**YOUR ASSIGNMENT**
Restate, word for word and with no pictures, the stretch of lines in the data below that begins at the line with "Assadeira descartável de" and ends at the line with "Google’s @searchliaison Twitter account.", inclusive.

**DATA RECORDS**
▬▬▬▬▬▬
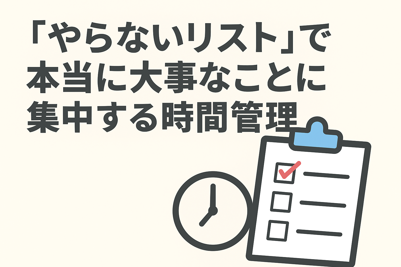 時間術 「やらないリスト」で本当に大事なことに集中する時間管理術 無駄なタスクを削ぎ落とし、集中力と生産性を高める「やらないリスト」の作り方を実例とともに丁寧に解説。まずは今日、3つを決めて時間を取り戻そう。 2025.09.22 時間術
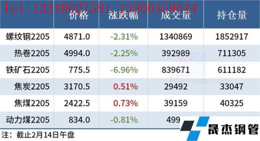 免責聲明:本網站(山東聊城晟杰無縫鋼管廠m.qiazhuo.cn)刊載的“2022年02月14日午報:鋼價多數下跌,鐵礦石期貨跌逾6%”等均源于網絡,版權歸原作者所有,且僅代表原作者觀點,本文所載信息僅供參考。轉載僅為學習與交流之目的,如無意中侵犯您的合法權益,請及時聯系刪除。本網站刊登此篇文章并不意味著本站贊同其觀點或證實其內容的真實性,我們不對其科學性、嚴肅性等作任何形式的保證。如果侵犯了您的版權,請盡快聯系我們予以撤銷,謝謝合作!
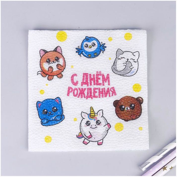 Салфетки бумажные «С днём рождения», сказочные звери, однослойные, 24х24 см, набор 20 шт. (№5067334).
▬▬▬▬▬▬
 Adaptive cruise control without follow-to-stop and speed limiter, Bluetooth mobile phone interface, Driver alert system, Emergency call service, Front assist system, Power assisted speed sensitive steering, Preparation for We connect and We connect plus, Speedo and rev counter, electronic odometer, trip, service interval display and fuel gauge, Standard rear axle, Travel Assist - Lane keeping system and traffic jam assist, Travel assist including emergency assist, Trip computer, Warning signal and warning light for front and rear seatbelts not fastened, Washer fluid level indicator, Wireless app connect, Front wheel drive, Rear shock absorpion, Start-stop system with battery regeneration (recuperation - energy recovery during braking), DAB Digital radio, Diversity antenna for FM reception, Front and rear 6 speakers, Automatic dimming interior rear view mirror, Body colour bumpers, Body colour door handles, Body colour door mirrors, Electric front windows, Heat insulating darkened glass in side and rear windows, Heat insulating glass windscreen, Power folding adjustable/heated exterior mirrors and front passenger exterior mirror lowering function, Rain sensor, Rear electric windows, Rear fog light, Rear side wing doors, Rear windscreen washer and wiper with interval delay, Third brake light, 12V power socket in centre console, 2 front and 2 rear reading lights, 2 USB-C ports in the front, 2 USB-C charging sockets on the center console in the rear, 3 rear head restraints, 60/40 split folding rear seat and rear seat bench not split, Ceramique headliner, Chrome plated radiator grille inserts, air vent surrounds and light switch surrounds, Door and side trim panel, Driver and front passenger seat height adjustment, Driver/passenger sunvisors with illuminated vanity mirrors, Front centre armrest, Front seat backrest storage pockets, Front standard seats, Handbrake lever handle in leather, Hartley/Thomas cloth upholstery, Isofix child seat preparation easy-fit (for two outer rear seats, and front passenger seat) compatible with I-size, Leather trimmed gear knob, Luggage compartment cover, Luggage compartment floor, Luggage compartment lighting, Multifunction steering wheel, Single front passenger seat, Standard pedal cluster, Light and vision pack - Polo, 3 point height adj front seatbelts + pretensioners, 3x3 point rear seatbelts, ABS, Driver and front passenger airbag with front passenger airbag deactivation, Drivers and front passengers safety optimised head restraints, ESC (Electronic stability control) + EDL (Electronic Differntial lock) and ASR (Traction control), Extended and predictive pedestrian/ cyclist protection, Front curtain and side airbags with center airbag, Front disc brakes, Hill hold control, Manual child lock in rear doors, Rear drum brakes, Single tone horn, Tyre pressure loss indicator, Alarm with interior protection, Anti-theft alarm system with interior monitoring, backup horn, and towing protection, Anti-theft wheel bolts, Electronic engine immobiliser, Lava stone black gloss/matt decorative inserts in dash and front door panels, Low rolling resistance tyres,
▬▬▬▬▬▬
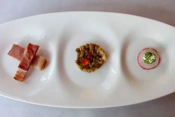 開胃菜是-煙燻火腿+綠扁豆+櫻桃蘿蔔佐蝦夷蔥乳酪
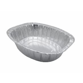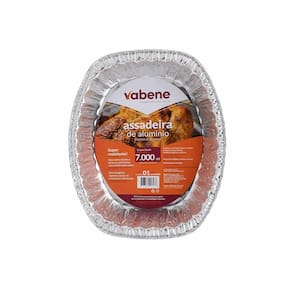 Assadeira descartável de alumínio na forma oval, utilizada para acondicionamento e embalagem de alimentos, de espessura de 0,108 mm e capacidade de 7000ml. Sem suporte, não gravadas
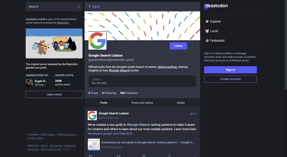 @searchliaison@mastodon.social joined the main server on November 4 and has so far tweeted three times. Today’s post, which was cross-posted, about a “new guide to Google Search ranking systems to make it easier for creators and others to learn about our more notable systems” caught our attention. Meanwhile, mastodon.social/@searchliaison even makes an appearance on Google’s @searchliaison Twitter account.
▬▬▬▬▬▬
**EXERCISE OUTPUT**
 Assadeira descartável de alumínio na forma oval, utilizada para acondicionamento e embalagem de alimentos, de espessura de 0,108 mm e capacidade de 7000ml. Sem suporte, não gravadas
 @searchliaison@mastodon.social joined the main server on November 4 and has so far tweeted three times. Today’s post, which was cross-posted, about a “new guide to Google Search ranking systems to make it easier for creators and others to learn about our more notable systems” caught our attention. Meanwhile, mastodon.social/@searchliaison even makes an appearance on Google’s @searchliaison Twitter account.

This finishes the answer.